On constate également que dans cette dynamique des controverses, des réseaux d'alliance entre médiateurs (journalistes, éditeurs, politiques, membres d'association,...) et scientifiques directement concernés se reconfigurent, se renforcent ou s'effacent. Les raisons de ces changements sont une vraie question sociologique.

Devant l'absence d'arènes médiatiques publiques où les argumentaires scientifiques se confronteraient, une forme de demande sociale s'exprime. C'est pourquoi je pense qu'il est temps qu'une séance publique à l'Académie des sciences s'organise, pour y répondre en partie, aux yeux de tous ceux qui se préoccupent de cette question : scientifiques, journalistes, politiques, mais également ingénieurs, éducateurs et membres d'association.

L'enjeu de cette séance ne serait pas de dire qui a raison et qui a tort, ni d'aboutir à un consensus, mais d'identifier, en toute transparence (et donc, encore une fois, au cours d'une séance publique...) les limites des connaissances actuelles sur la complexité de la question climatique.

L'autre intérêt d'une telle séance est qu'elle permettrait de lever un fâcheux paradoxe éthique : des controverses qui portent sur des fondements scientifiques (observations, théories et modèles) ne se gèrent pas dans les médias généralistes (et surtout pas dans le Figaro, Libération, Le Monde, RTL, C'est dans l'air, ou sur des sites internet rattachés à un laboratoire de recherche, ou encore au sein d'une école de formation à la recherche scientifique....).

Ceux qui pratiquent les sciences disposent de médias spécialisés dans la gestion du scepticisme. J'ose ici croire que l'Académie des sciences serait l'arène idéale pour la production de cette mise en scène de controverses.
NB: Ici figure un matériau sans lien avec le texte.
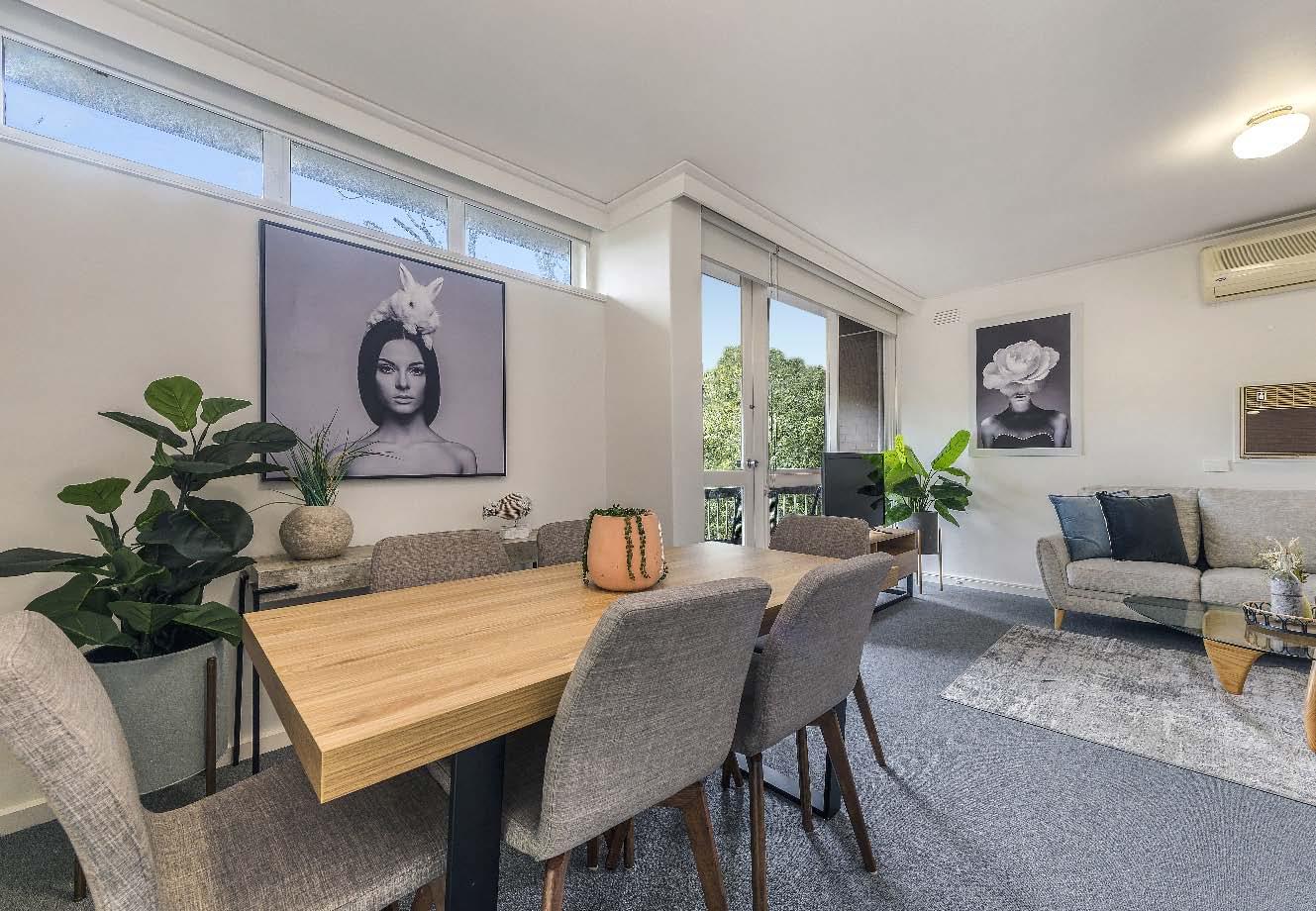 Superbly positioned amid one of Balaclava’s best strips, this impressively scaled two-bedroom apartment is a light-filled oasis updated for modern living. Elevated in a boutique mid-century block behind secure entry, the inviting interior reveals a spacious living area with private sunlit balcony & split system, a beautifully updated kitchen & meals fitted with Westinghouse oven & gas cooktop, two generously sized bedrooms with built-in robes & large windows & a central modern bathroom with shower-over-bath & laundry facilities. Complete with ample storage throughout & off-street parking, this low-maintenance home
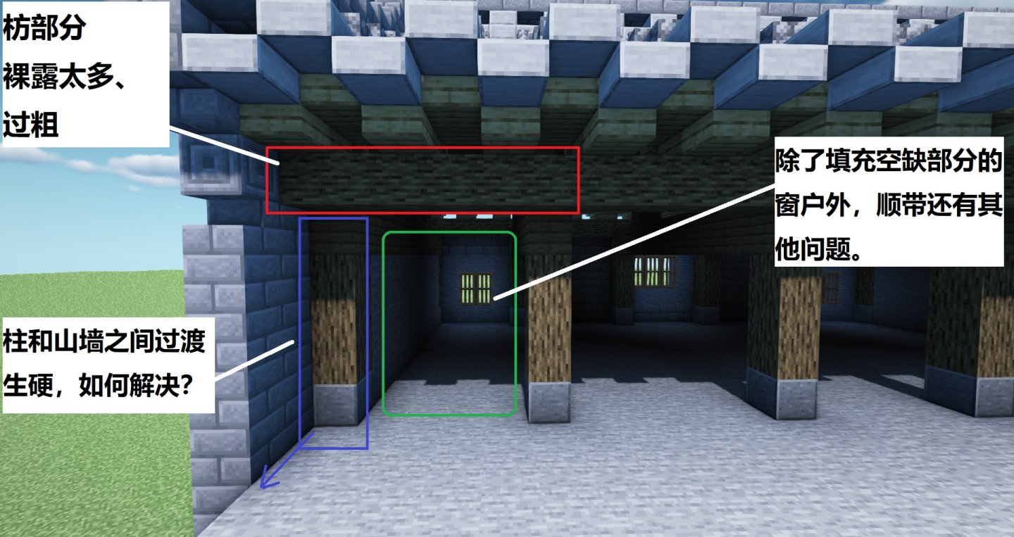 柱部分和山墙,隔了两格远未免过于生硬,这些都是肉眼可见的部分,而我相信真正实际建造的时候大家都会着手解决并丰富这几个地方。
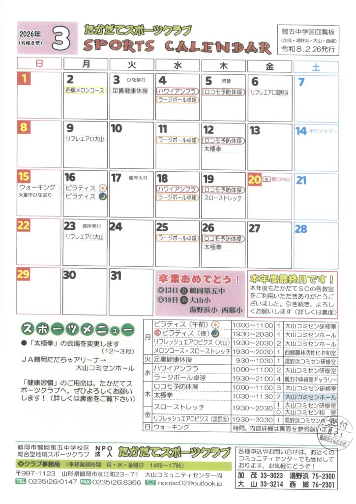 「たかだてスポーツクラブ」さんの令和8年3月のカレンダー・お知らせをアップしました(PDFダウンロードできます)
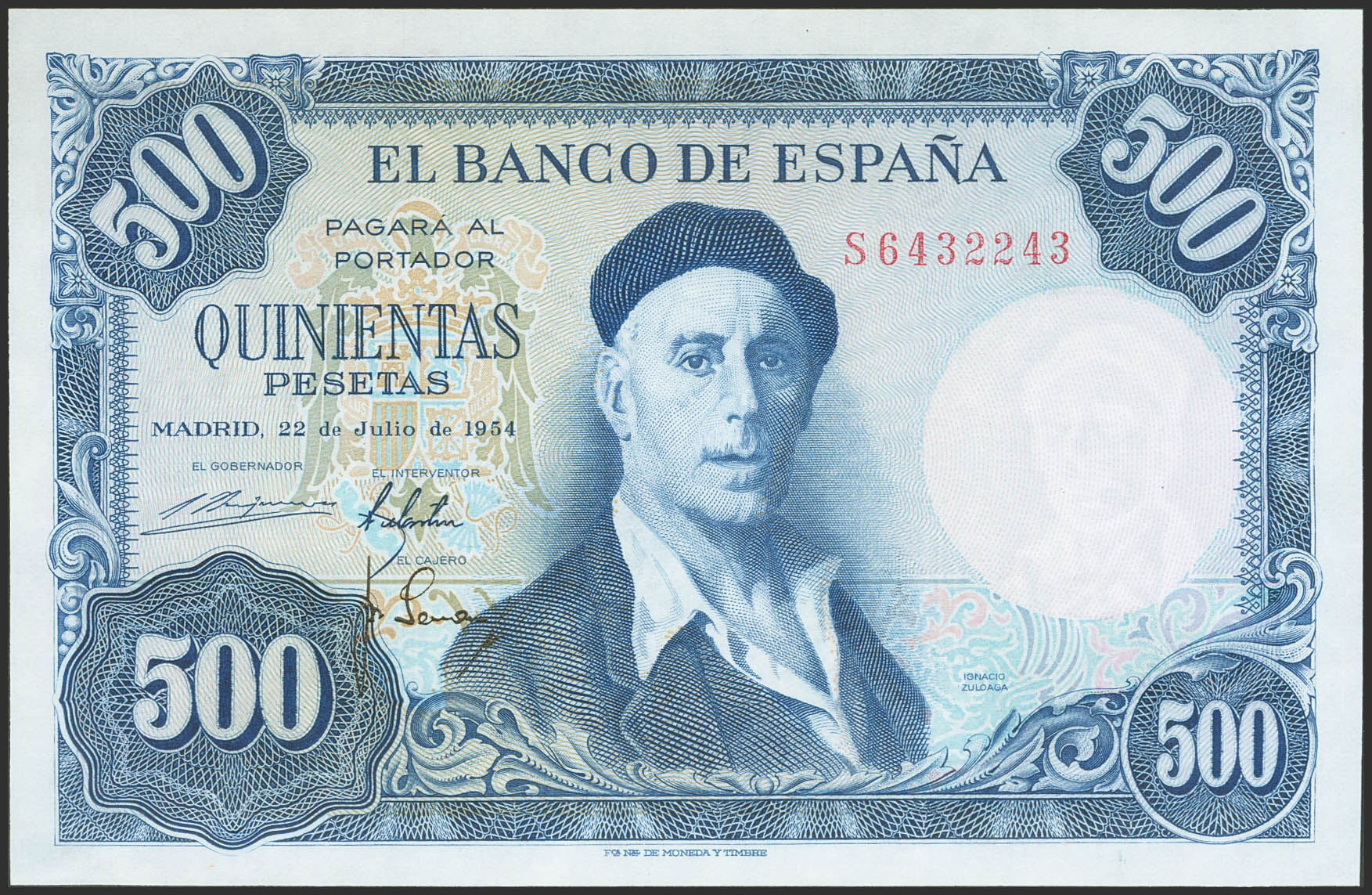 500 Pesetas. 22 de Julio de 1954. Serie S. (Edifil 2023: 468b). Conserva todo su apresto original. SC.

Cette mise en scène pourrait d'ailleurs se construire autour notamment des 10 points décrits dans le document produit par les climatologues français engagés dans "l'appel politique des 400". Un document d'ailleurs que tous les journalistes, quelque soit leur alliance ou leur neutralité et impartialité déclarées , doivent aujourd'hui avoir en main.

"Les 10 points relevés [...] nous semblent mériter une discussion approfondie et pourraient être abordés dans un débat scientifique que nous appelons de nos voeux."

  1. Température moyenne globale terrestre et marine
  2. Température moyenne globale « à haute résolution »
  3. Attribution du changement climatique observé
  4. Le climat du dernier millénaire
  5. Les carottes de glace et l'enregistrement du CO2
  6. Augmentation du niveau des mers
  7. Durée de vie des perturbations
  8. Rôle de l’activité solaire
  9. Rôle du CO2
  10. Fiabilité des modèles de climat

Extrait du document diffusé le 7 avril 2010 par les scientifiques signataires de l'appel politique de 400 (01 avril 2010).
Un bel exemple de reconfiguration de l'approche médiatique des controverses soulevées Vincent Courtillot.
Une approche moins autoritaire et arogante des controverses.... (ouf !) même s'il manque les noms des signataires ce coup-ci !

Il faudrait surtout que dans les semaines qui viennent les scientifiques qui remettent en question la part anthropique dans l'évolution climatique récente amendent ces dix points et les complètent : il n'y a pas que Vincent Courtillot, les argumentaires scientifiques de controverses n'étant que rarement bipolaires.

Un gros travail en perspective.... mais qui permettrait de remplir la fonction d'objectivation scientifique nécessaire au traitement transparent d'une question d'environnement et de développement dont les enjeux nous concernent tous, à plus ou moins long terme.